Sleep Quality Prediction

AIM

To predict sleep quality based on lifestyle and health factors.


DATASET LINK

Sleep Health and Lifestyle Dataset


DESCRIPTION

What is the requirement of the project?

  • This project aims to predict the quality of sleep using various health and lifestyle metrics. Predicting sleep quality helps individuals and healthcare professionals address potential sleep-related health issues early.

Why is it necessary?

  • Sleep quality significantly impacts physical and mental health. Early predictions can prevent chronic conditions linked to poor sleep, such as obesity, heart disease, and cognitive impairment.

How is it beneficial and used?

  • Individuals: Assess their sleep health and make lifestyle changes to improve sleep quality.
  • Healthcare Professionals: Use the model as an auxiliary diagnostic tool to recommend personalized interventions.

How did you start approaching this project? (Initial thoughts and planning)

  • Researching sleep health factors and existing literature.
  • Exploring and analyzing the dataset to understand feature distributions.
  • Preprocessing data for effective feature representation.
  • Iterating over machine learning models to find the optimal balance between accuracy and interpretability.

Mention any additional resources used


LIBRARIES USED

  • pandas
  • numpy
  • scikit-learn
  • matplotlib
  • seaborn
  • joblib
  • flask

EXPLANATION

DETAILS OF THE DIFFERENT FEATURES

Feature Name Description Type Values/Range
Gender Respondent's gender Categorical [Male, Female]
Age Respondent's age Numerical Measured in years
Sleep Duration (hours) Hours of sleep per day Numerical Measured in hours
Physical Activity Level Daily physical activity in minutes Numerical Measured in minutes
Stress Level Stress level on a scale Numerical 1 to 5 (low to high)
BMI Category Body Mass Index category Categorical [Underweight, Normal, Overweight, Obese]
Systolic Blood Pressure Systolic blood pressure Numerical Measured in mmHg
Diastolic Blood Pressure Diastolic blood pressure Numerical Measured in mmHg
Heart Rate (bpm) Resting heart rate Numerical Beats per minute
Daily Steps Average number of steps per day Numerical Measured in steps
Sleep Disorder Reported sleep disorder Categorical [Yes, No]

WHAT I HAVE DONE

Step 1: Exploratory Data Analysis

  • Summary statistics
  • Data visualization for numerical feature distributions
  • Target splits for categorical features

Step 2: Data Cleaning and Preprocessing

  • Handling missing values
  • Label encoding categorical features
  • Standardizing numerical features

Step 3: Feature Engineering and Selection

  • Merging features based on domain knowledge
  • Creating derived features such as "Activity-to-Sleep Ratio"

Step 4: Modeling

  • Model trained: Decision Tree
  • Class imbalance handled using SMOTE
  • Metric for optimization: F1-score

Step 5: Result Analysis

  • Visualized results using confusion matrices and classification reports
  • Interpreted feature importance for tree-based models

MODELS USED AND THEIR ACCURACIES

Model Accuracy (%) F1-Score (%) Precision (%) Recall (%)
Decision Tree 74.50 75.20 73.00 77.50

CONCLUSION

WHAT YOU HAVE LEARNED

Insights gained from the data

  • Sleep Duration, Stress Level, and Physical Activity are the most indicative features for predicting sleep quality.
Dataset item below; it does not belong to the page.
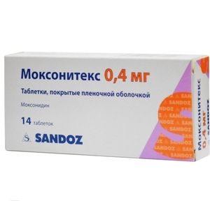 Показания к применениюАртериальная гипертензия.Применение при беременности и кормлении грудьюДостоверных исследований применения моксонидина у беременных не проводилось. Исследования на животных показали эмбриотоксический эффект. Клинических данных о негативном влиянии на течение беременности нет. Однако следует применять препарат Моксонитекс беременным только в том случае, если предполагаемая польза для матери превышает потенциальный риск для плода.;Моксонидин выделяется с грудным молоком, женщинам в период лечения рекомендуется прекратить грудное вскармливание или отменить препарат.Противопоказанияангионевротический отек в анамнезе; СССУ или синоатриальная блокада; AV-блокада II и III степени; выраженная брадикардия (менее 50 уд./мин в покое); выраженные нарушения ритма сердца; хроническая сердечная недостаточность (III-IV функциональный класс по классификации NYHA); нестабильная стенокардия; выраженная печеночная недостаточность; почечная недостаточность тяжелой степени (КК менее 30 мл/мин, содержание сывороточного креатинина — более 160 мкмоль/л); возраст до 18 лет; период лактации; непереносимость галактозы, дефицит лактазы или синдром мальабсорбции глюкозы-галактозы; повышенная чувствительность к моксонидину или любому другому компоненту препарата.;С осторожностью и под контролем врача следует применять препарат у пациентов после недавно перенесенного инфаркта миокарда или при нарушениях периферического кровообращения (перемежающаяся хромота, синдром Рейно); у пациентов с умеренно выраженными нарушениями функции почек (КК 30-60 мл/мин; содержание сывороточного креатинина 105-160 мкмоль/л), с нарушениями функции печени, при беременности, депрессии, глаукоме, эпилепсии, болезни Паркинсона.Побочное действиеСо стороны сердечно-сосудистой системы: редко — симптомы вазодилатации; иногда — выраженное снижение АД, синкопальные состояния, синдром Рейно, периферические отеки.; Со стороны ЦНС: часто — головокружение, головная боль, сонливость, повышенная утомляемость, нарушение сна; иногда — парестезии, депрессия, тревожность.; Со стороны пищеварительной системы: часто — сухость слизистой оболочки полости рта, тошнота, анорексия, запор.; Со стороны мочеполовой системы: иногда — задержка или недержание мочи, импотенция и/или снижение либидо.; Со стороны органа чувств: иногда — сухость глаз, вызывающая зуд или чувство жжения.; Аллергические реакции: иногда — крапивница, кожный зуд, экзантема, ангионевротический отек.; Прочие: иногда — гинекомастия, болезненность околоушных желез.СоставДействующее вещество: Моксонидин (Moxonidine);Концентрация действующего вещества (мг): 0,4

Improvements in understanding machine learning concepts

  • Learned and implemented preprocessing techniques like encoding categorical variables and handling imbalanced datasets.
  • Gained insights into deploying a machine learning model using Flask for real-world use cases.

Challenges faced and how they were overcome

  • Managing imbalanced classes: Overcame this by using SMOTE for oversampling the minority class.
  • Choosing a simple yet effective model: Selected Decision Tree for its interpretability and ease of deployment.

USE CASES OF THIS MODEL

Application 1

A health tracker app can integrate this model to assess and suggest improvements in sleep quality based on user inputs.

Application 2

Healthcare providers can use this tool to make preliminary assessments of patients' sleep health, enabling timely interventions.


FEATURES PLANNED BUT NOT IMPLEMENTED

Feature 1

Advanced models such as Random Forest, AdaBoost, and Gradient Boosting were not implemented due to the project's focus on simplicity and interpretability.

Feature 2

Integration with wearable device data for real-time predictions was not explored but remains a potential enhancement for future work.